J'écris depuis plus de quarante ans. Pas davantage aujourd'hui qu'hier je ne me sens menacée dans ma vie quotidienne, en grande banlieue parisienne, par l'existence des autres qui n'ont pas ma couleur de peau, ni dans l'usage de ma langue par ceux qui ne sont pas "français de sang", parlent avec un accent, lisent le Coran, mais qui vont dans les écoles où, tout comme moi autrefois, ils apprennent à lire et écrire le français.

Et, par-dessus tout, jamais je n'accepterai qu'on lie mon travail d'écrivain à une identité raciale et nationale me définissant contre d'autres et je lutterai contre ceux qui voudraient imposer ce partage de l'humanité.

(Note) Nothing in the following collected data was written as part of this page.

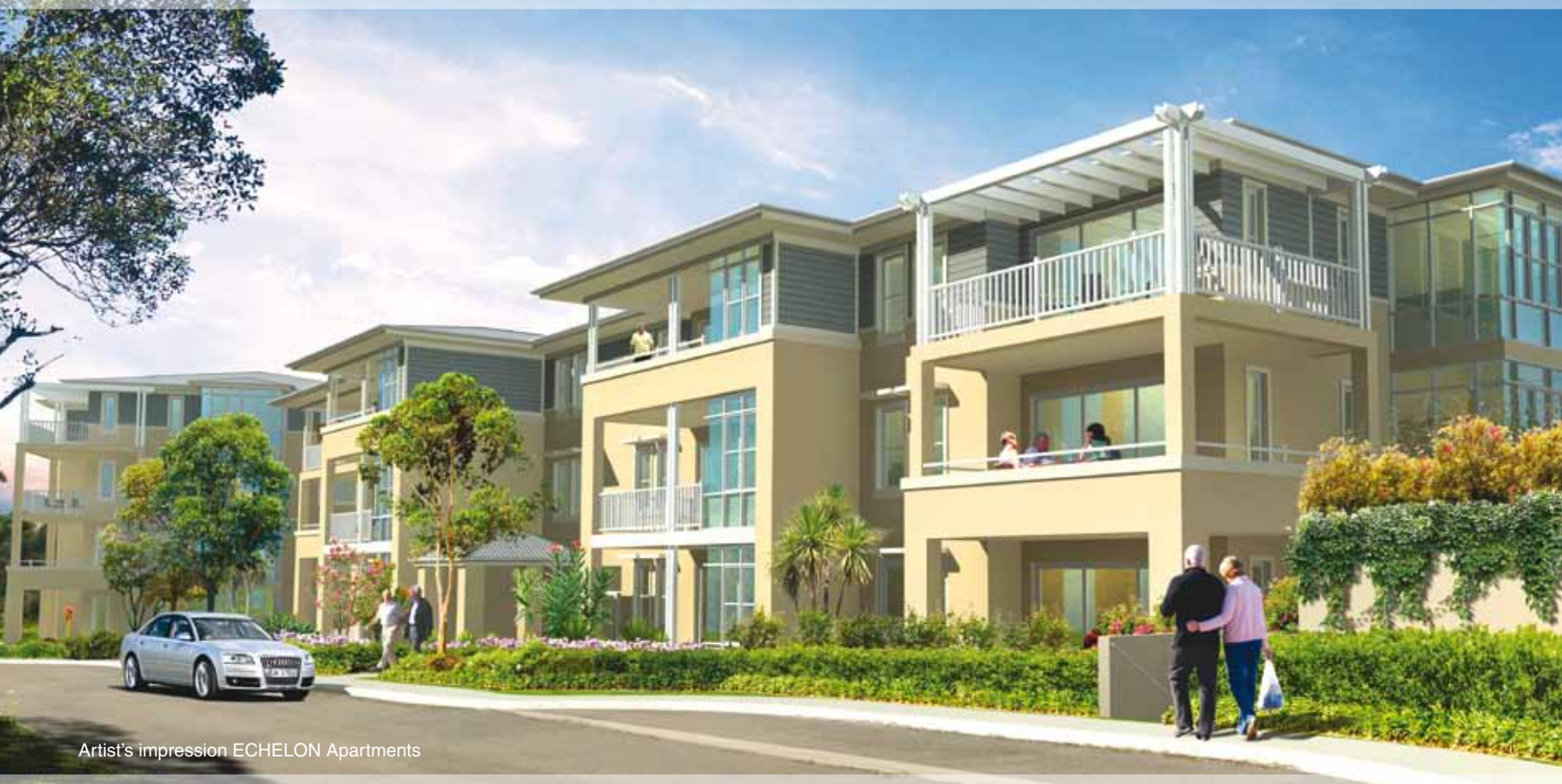
Artist's impression ECHELON Apartments
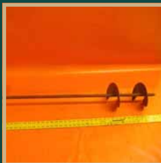
Anchors and Chocks
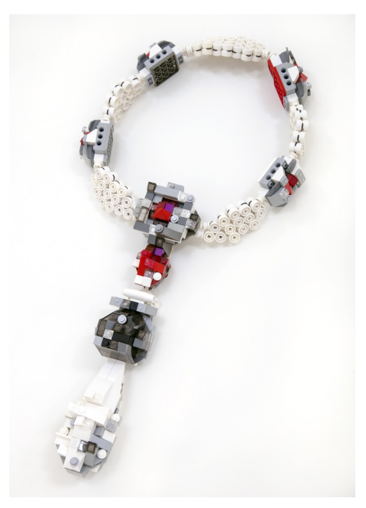
La Reine necklace, repurposed & recycled LEGO®, Argentium silver, coated copper wire, coated steel cable

She hails originally from Cleveland, the daughter of a Japanese-American father and Caucasian mom with firm roots in the Midwest. A maker from the start, as a kid she played with things she found around her house ("including my mom's nylons"), and then, naturally gravitated toward studying art at Syracuse, where she focused on metalsmithing and fashion and costume design. (Now that's a combination.)

Une jeune romancière, qui n'est pas d'origine européenne, m'a écrit ces jours-ci à propos du livre de Millet et de la tiédeur des réactions du milieu littéraire : "Comme je me sens, moi et mes enfants, visée par ces attaques contre le multiculturalisme et le métissage, je me dis que si ces idées devaient prendre corps et réalité, nous serions bien seuls."

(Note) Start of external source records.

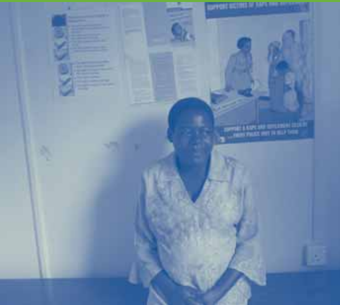
A TASO client, aged 19, who recently gave birth
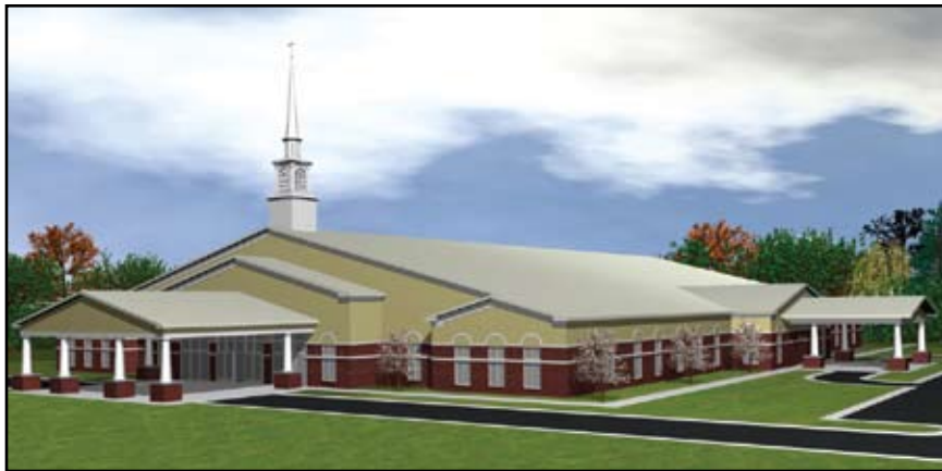
Preliminary rendering of proposed new facility
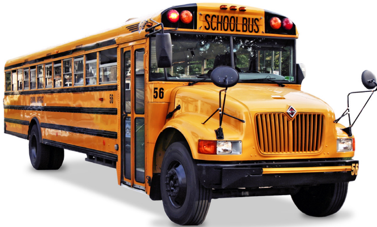
Ride the bus.
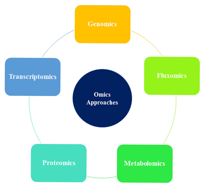
Fig. (1). OMICs approaches applied for bioremediation studies.

A collection of all genomes representing the microbial community is now commonly called the metagenome of that environment. Metaproteomics has emerged as another approach of omics that enable the understanding of the enzymes and proteins encoded by the microbial community, which in turn performs various functions and also helps in predicting the interactions that exist in a community. Additionally, metabolomics and fluxomics also serve as efficient means of studying the metabolites and their rate of conversions by the microbial community. With the help of all these omics approaches, it is now possible to decipher the bacterial genera prevalent in a polluted environment. Further novel microorganisms can also be isolated for the bio-augmentation of the contaminated sites to accelerate the process of bioremediation. Monitoring the community composition, genes, pathways, and the abundance of metabolites throughout the bioremediation process at the contaminated site can be accomplished through omics approaches (Fig. 1). This chapter not only gives an overview but also describes the application of various omics approaches like genomics, transcriptomics, proteomics, metabolomics in studying contaminated sites and accelerating the bioremediation of pollutants (Fig. 2).

Il est encore temps d'agir afin que n'advienne jamais cette réalité, et pour commencer, d'appeler un chat un chat et l'Eloge littéraire d'Anders Breivik un pamphlet fasciste qui déshonore la littérature.

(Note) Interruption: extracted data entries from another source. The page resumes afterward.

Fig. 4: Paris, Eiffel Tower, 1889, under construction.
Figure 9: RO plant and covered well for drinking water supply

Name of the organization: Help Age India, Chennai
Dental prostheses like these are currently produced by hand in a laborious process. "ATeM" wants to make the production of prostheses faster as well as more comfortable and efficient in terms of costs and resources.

Nous avons lu ce texte d'Annie Ernaux et partageons pleinement son avis :

Olivier Adam, Philippe Adam, Jakuta Alikavazovic, Marianne Alphant, Gwenaëlle Aubry, Patrick Bard, Cathie Barreau, Bruce Bégout, Tahar Ben Jelloun, Arno Bertina, Luc Blanvillain, Evelyne Bloch-Dano, François Bon, Elisabeth Brami, Geneviève Brisac, Michel Canesi, Laurent Cauwet, Marie-Claude Char, Jean-Patrice Courtois, Sylvain Courtoux, Céline Curiol, Emmanuel Darley, Sylvia Tabet Davidenkoff, Kéthévane Davrichewy, Jean Baptiste Del Amo, Chloé Delaume, Agnes Desarthe, Maryline Desbiolles, Louise Desbrusses, Marie Desplechin, Bernard Desportes, Suzanne Doppelt, Bruno Doucey, Lionel Duroy, Eugène Ebodé, Antoine Emaz, Mathias Enard, Didier Eribon, Arlette Farge, Lydia Flem, Vincent Fleury, Philippe Forest, Dan Franck, Anne-Marie Garat, Christian Garcin, Gilbert Gatoré, Michèle Gazier, Jean-Baptiste Gendarme, Liliane Giraudon, Jean-Louis Giovannoni, Valentine Goby, Frédéric-Yves Jeannet, Serge Joncour, Maylis de Kerangal, Pascale Kramer, Nathalie Kuperman, Hervé Hamon, Stéphanie Hochet, Nancy Huston, Charlotte Lacoste, Lola Lafon, Jérôme Lambert, Mathieu Larnaudie, Camille Laurens, Bertrand Leclair, JMG Le Clézio, Noémi Lefebvre, Alban Lefranc, Pierre Lepape, Michèle Lesbre, Yun Sun Limet, Laure Limongi, Alain Mabanckou, Gérard Macé, Eric Marty, Jérôme Meizoz, Céline Minard, Gérard Mordillat, Laure Murat, Bernard Noël, Amélie Nothomb, Gaëlle Obiégly, Pascal Ory, Martin Page, Yves Pagès, Jean-Noël Pancrazi, Eric Pessan, Mazarine Pingeot, Christine Planté, Jérôme Prieur, Christian Prigent, Dominique Quélen, Michel Quint, Jamil Rahmani, François Rastier, Jean-Marie Blas de Roblès, Jean Rouaud, Denis Roche, Oliver Rohe, Isabelle Roussel Gillet, Lydie Salvayre, Boualem Sansal, Julien Santoni, Colombe Schneck, Michel Séonnet, Alain Sevestre, Florence Seyvos, Martine Storti, Muriel Szac, Abdellah Taïa, Camille de Toledo, Tito Topin, Cécile Vargaftig, Franck Venaille, Delphine de Vigan, Jean-Jacques Viton, Carole Zalberg, Valérie Zenatti, écrivains.